> **Description of the task**:
In the copy, keep the lines from the first line of the material below through the line containing "This postcard view" exactly as they are, and include no pictures.

**********

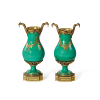Porcellana smaltata e decorata in oro, montata in bronzo dorato, a balaustro con prese in forma di uccello.
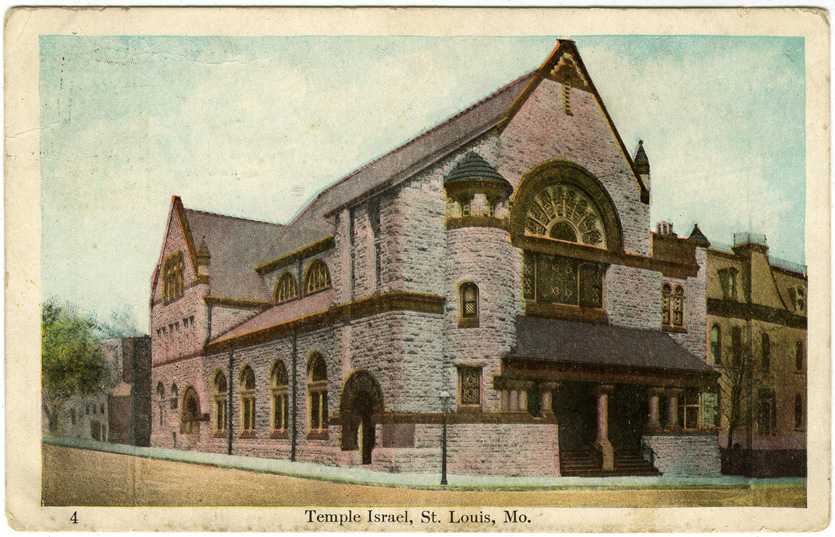 This postcard view shows the first home of Temple Israel in St. Louis, Missouri, built in 1888. Though the building was designed and constructed in the robust Richardsonian Romanesque style, as if it should last forever, the congregation stayed there only 20 years before moving westward in 1908 to a plot at Kingshighway Boulevard and Washington. Shortly before departing, the congregation had the tall tower removed because of structural problems. The building was sold to Union Memorial African Methodist Episcopal Church, which occupied the structure until it was acquired by eminent domain and demolished for “urban renewal” in 1959. The postcard must date to about 1908, then, after the removal of the tower and before the sale to the church.
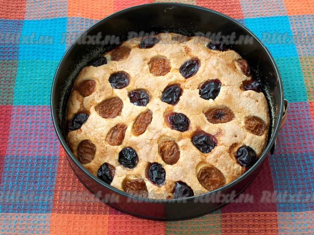 Поставить пирог в духовку, нагретую до 180 градусов, и выпекать 45 минут (верх пирога должен подрумяниться). Готовность проверить, проколов пирог сухой деревянной шпажкой (если шпажка после прокола останется и сухой, и чистой, значит выпечка готова).
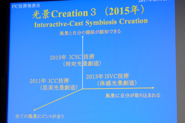 そして2015年のICSC技術では「オブジェクトと自分の関係が認知できる、相対光景の創造。これまではカメラで撮影された映像カメラが置かれた位置で撮影されたものを忠実に再現してきたが、この技術ではその位置に縛られず、自分がその場所に行き、見たいところを注視したかのように感じられる」と述べた。
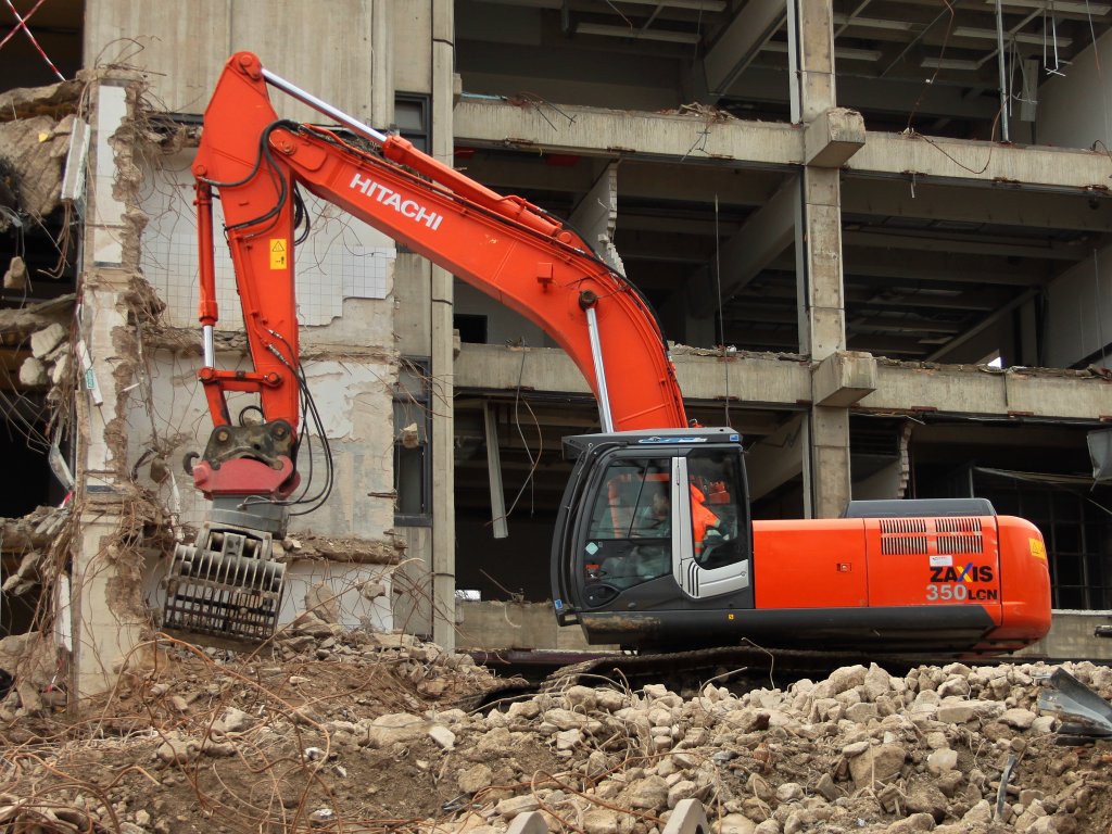 Hitachi Zaxis 350 LCN am 26.01.2012 auf einer Baustelle in Aachen an der Kopernikusstrasse.
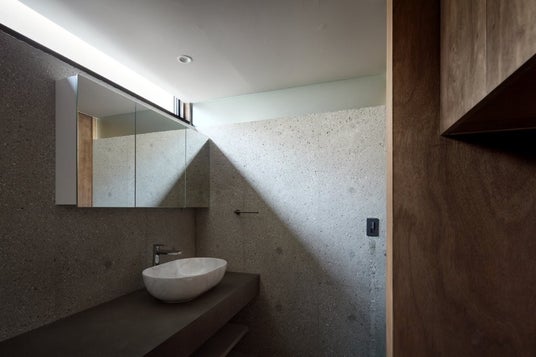 丸みのある石を積み上げたような洗面台。石は川の流れなどで長い時間をかけ、柔らかな丸みを帯び、得も言われぬ美しさを持っている。自然が作り出してくれた、ミニマルな形状を組み合わせ、空間に優しく溶け込むようにデザインした。
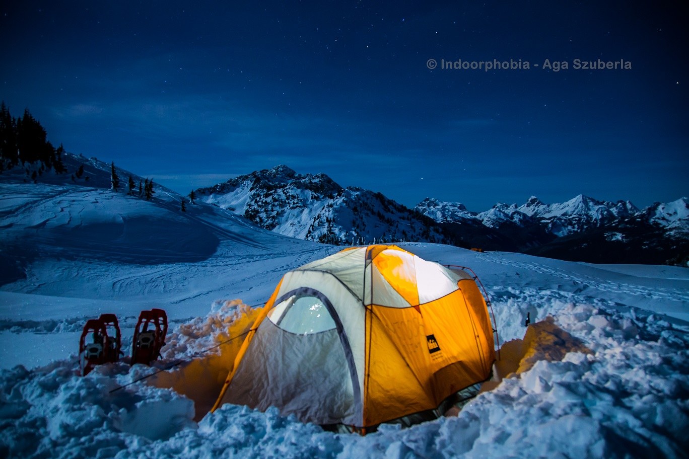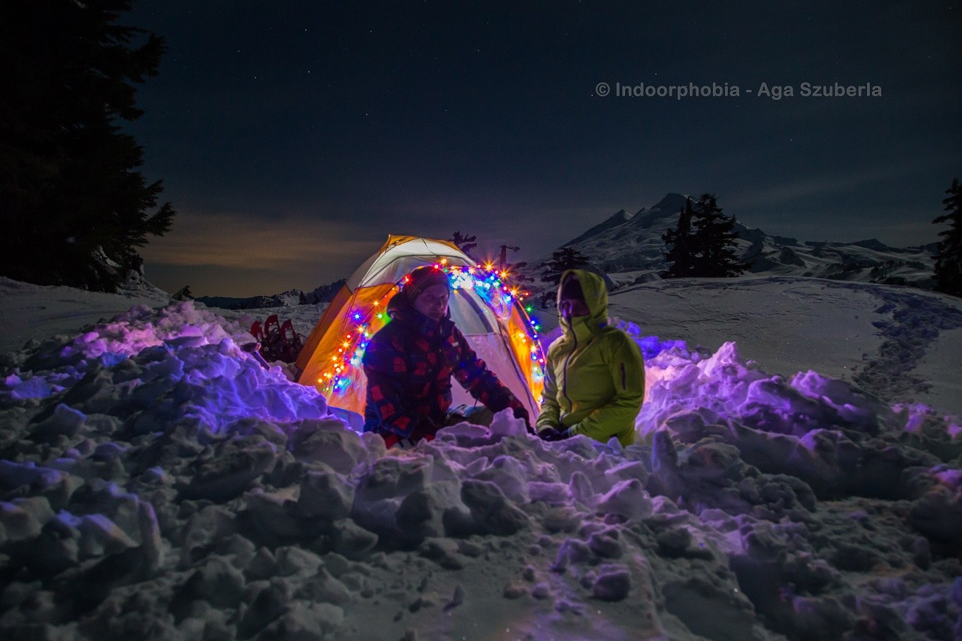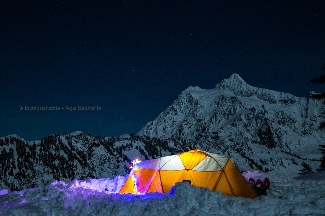We arrived at Mt. Baker Ski Resort well before sunrise so we pretty much avoided all the "craziness" that typically develops in the afternoon ;) We had plenty of time for morning hot tea and then another "tea" just before we put on snowshoes. It was a little chilly, but then sun started to warm everything up. We took a less traveled trail to take some pictures and record some videos. Snow was crispy, but conditions were great with no wind and limitless visibility. We arrived at Artist Point in early afternoon. We only spotted few backcountry skiers on our way up. We decided to find a good camping spot and set everything up earlier to have more time for enjoying beautiful views and take some more pictures. It was very hard to decide on the best spot as there were few good options. We didn't want to stay at the same place as last year. We wanted a little different view this time, but still unique. Once we set up our camp we noticed couple other parties with tents. It was busier than last year, but there was plenty of snow to share ;) As we watched amazing sunset on both Shuksan and Baker we knew it would be a long, cold night, but at the same time we couldn't think of a better place to welcome a New Year. Moon was bright and it was calm. We took some pictures, finished our meal and then patiently waited for midnight (it was only 5 PM). After playing some games and few laughs it was time for some sparkling wine and night photography. It was finally midnight. While most people were celebrating New Year in their warm homes or at all sorts of parties we raised our mini bottles and starred at the mountains in the moonlight. It's hard to describe a moment like that. It's just perfect. Although moon was way too bright we managed to take some nice photos that will always remind us of that special night.
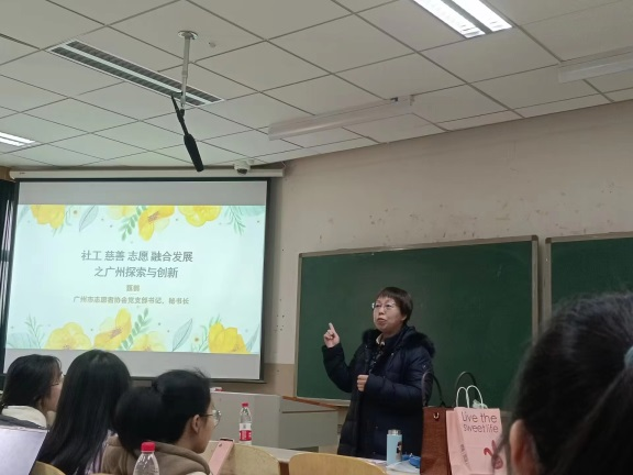 邀请广州市志愿者协会党支部书记和秘书长、2005级社会工作优秀校友甄鹤,在10教411教室举行社工专业认知实习专题讲座——“社区、慈善、志愿融合发展之广州探索与创新”。本次讲座由糖心视频
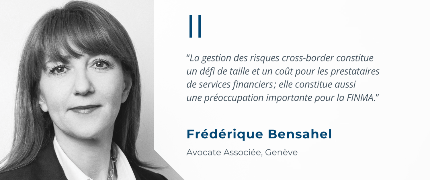 La gestion des risques cross-border constitue un défi de taille et un coût pour les prestataires de services financiers ; elle constitue aussi une préoccupation importante pour la FINMA. La fourniture de services financiers est en principe règlementée par chaque État et la réglementation étrangère est loin d’être uniforme, ce qui rend généralement l’accès à un marché étranger – lorsqu’il est possible – onéreux et très complexe au niveau opérationnel. Le « Berne Financial Services Agreement » permettra aux prestataires suisses de faire la promotion et de rendre des services financiers non seulement sans obligation d’autorisation mais encore dans l’application de leurs propres règles prudentielles. La gestion des risques des prestataires s’en trouvera ainsi largement facilitée. L’adoption de l’accord laisse présager de réjouissantes perspectives de développement pour l’industrie financière suisse sur l’une des principales places financières mondiales.
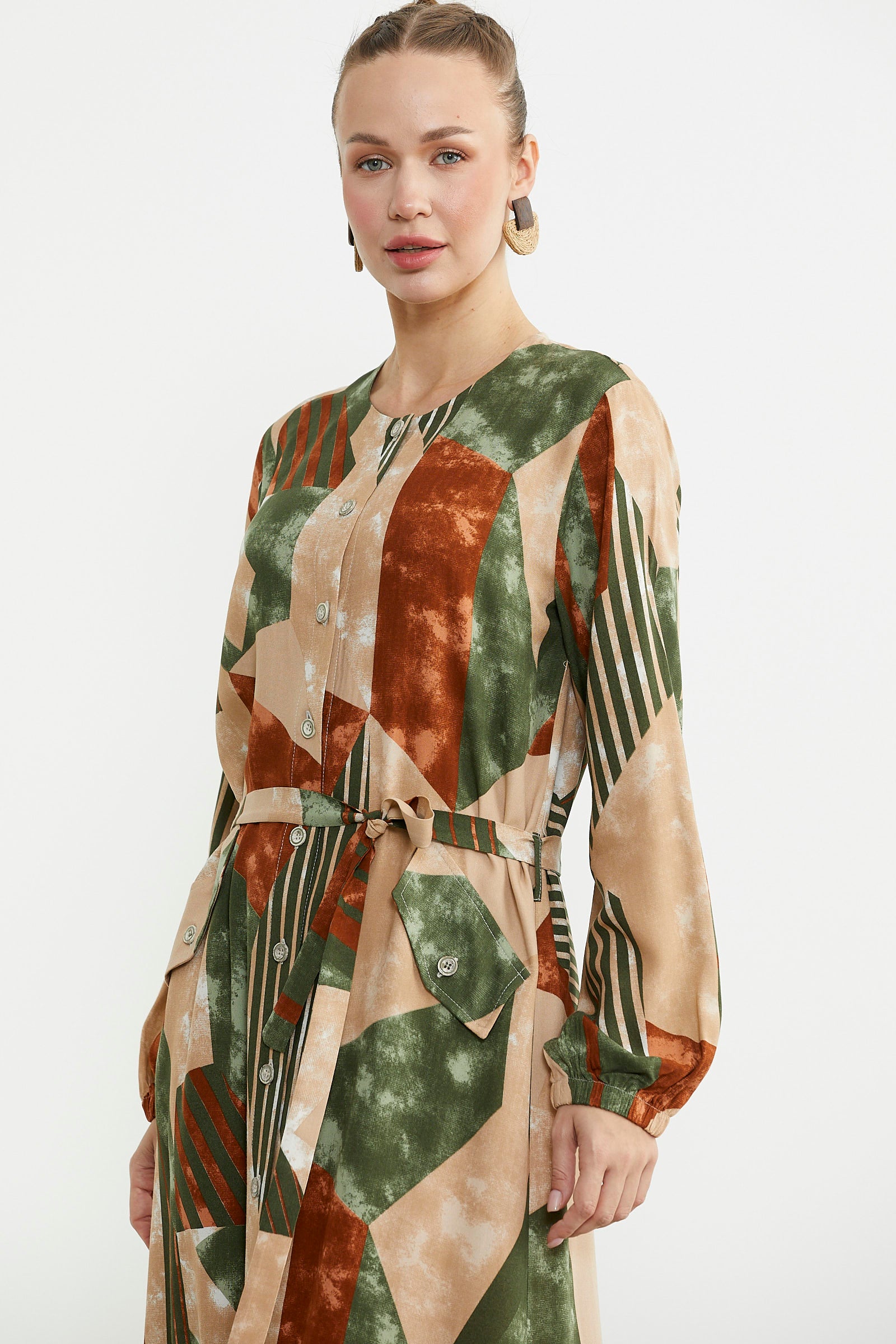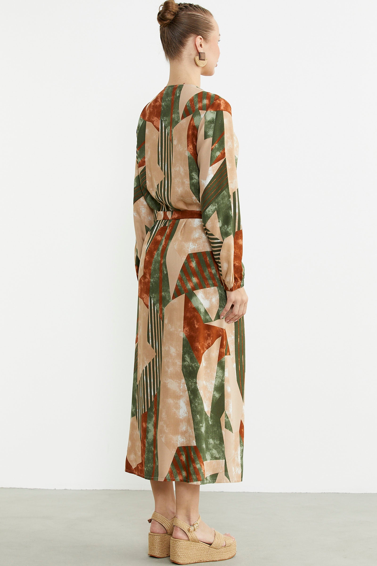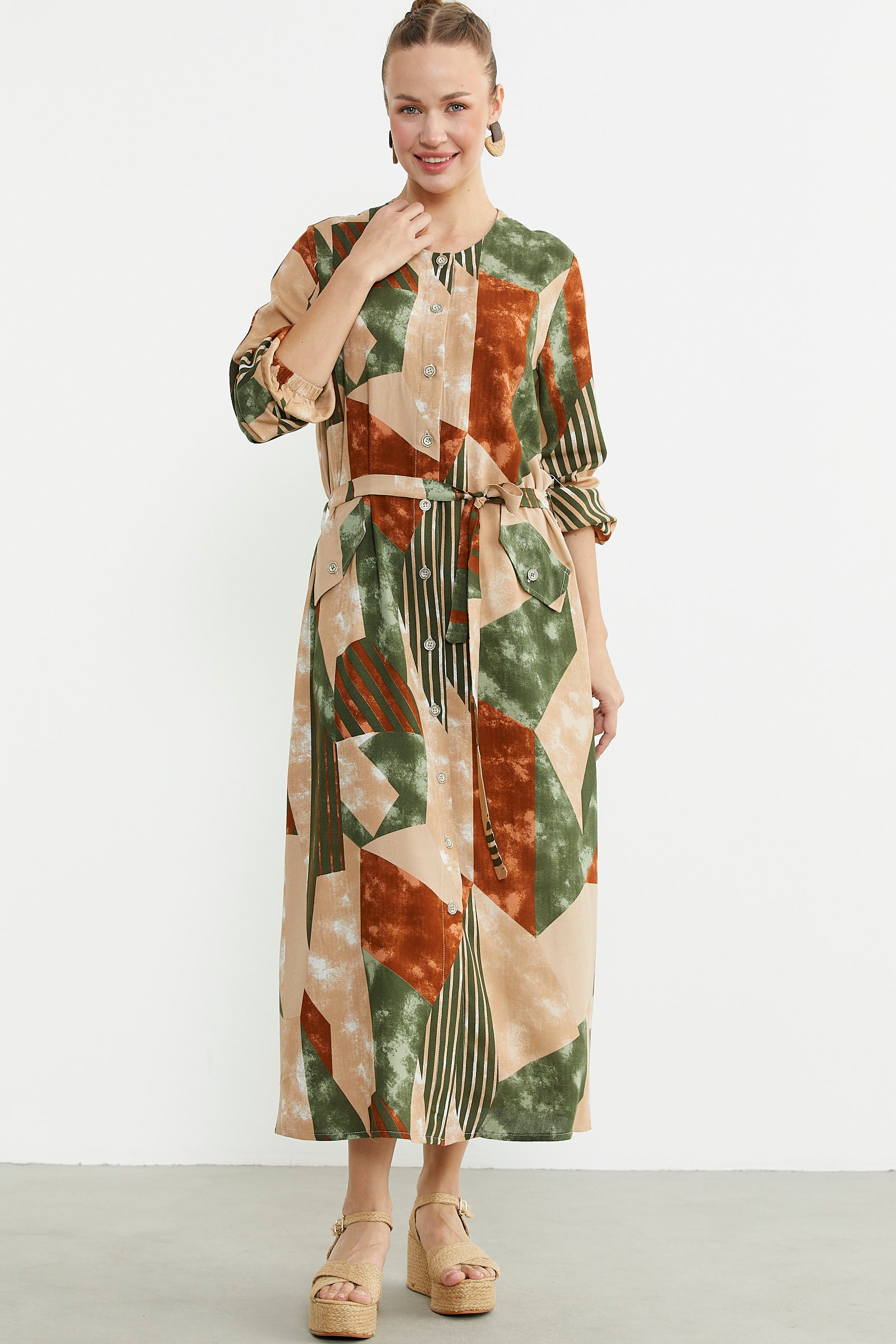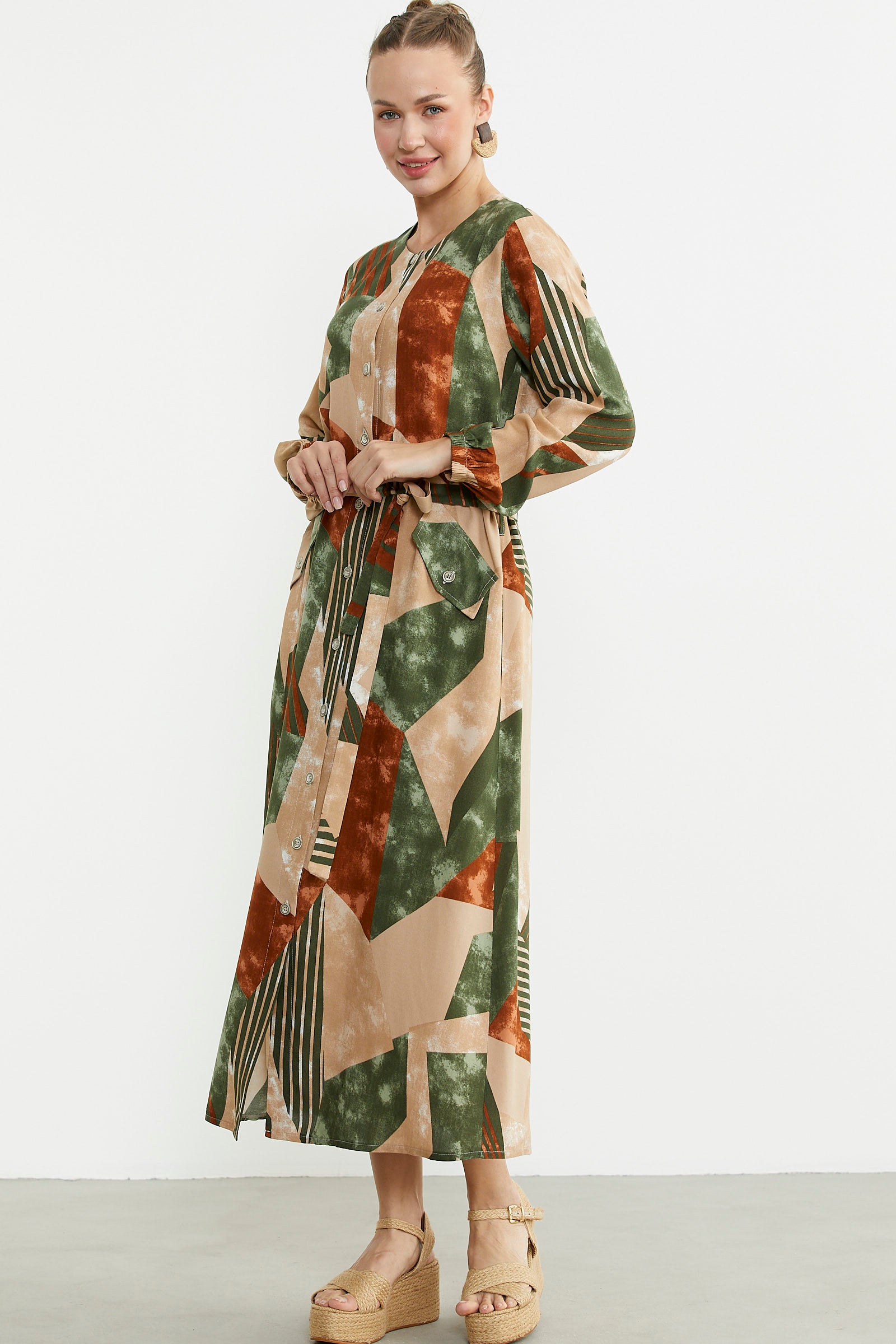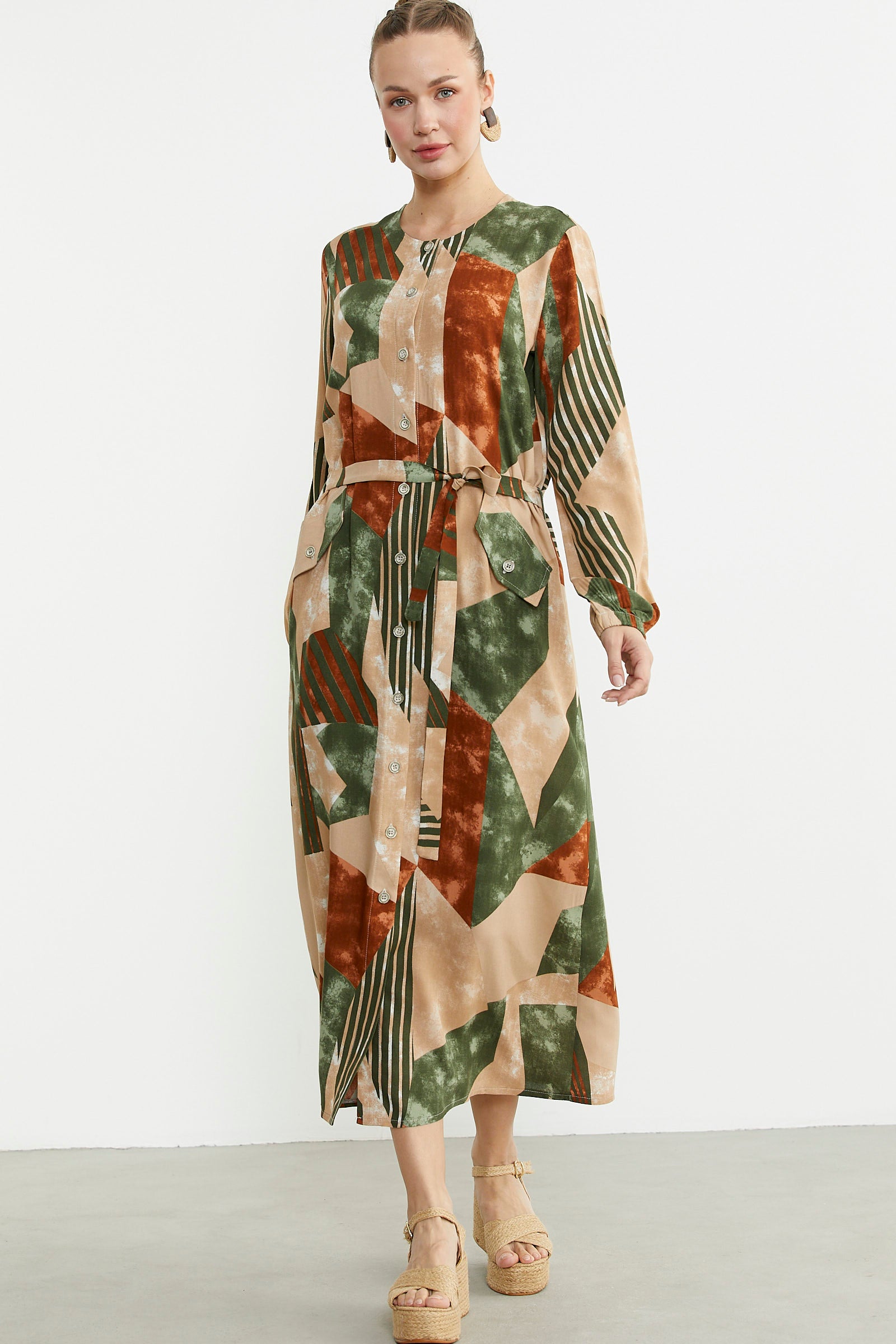 Büyük Beden Geometrik Desenli Uzun Elbise - Yeşil

**********

> **The answer**:
Porcellana smaltata e decorata in oro, montata in bronzo dorato, a balaustro con prese in forma di uccello.
 This postcard view shows the first home of Temple Israel in St. Louis, Missouri, built in 1888. Though the building was designed and constructed in the robust Richardsonian Romanesque style, as if it should last forever, the congregation stayed there only 20 years before moving westward in 1908 to a plot at Kingshighway Boulevard and Washington. Shortly before departing, the congregation had the tall tower removed because of structural problems. The building was sold to Union Memorial African Methodist Episcopal Church, which occupied the structure until it was acquired by eminent domain and demolished for “urban renewal” in 1959. The postcard must date to about 1908, then, after the removal of the tower and before the sale to the church.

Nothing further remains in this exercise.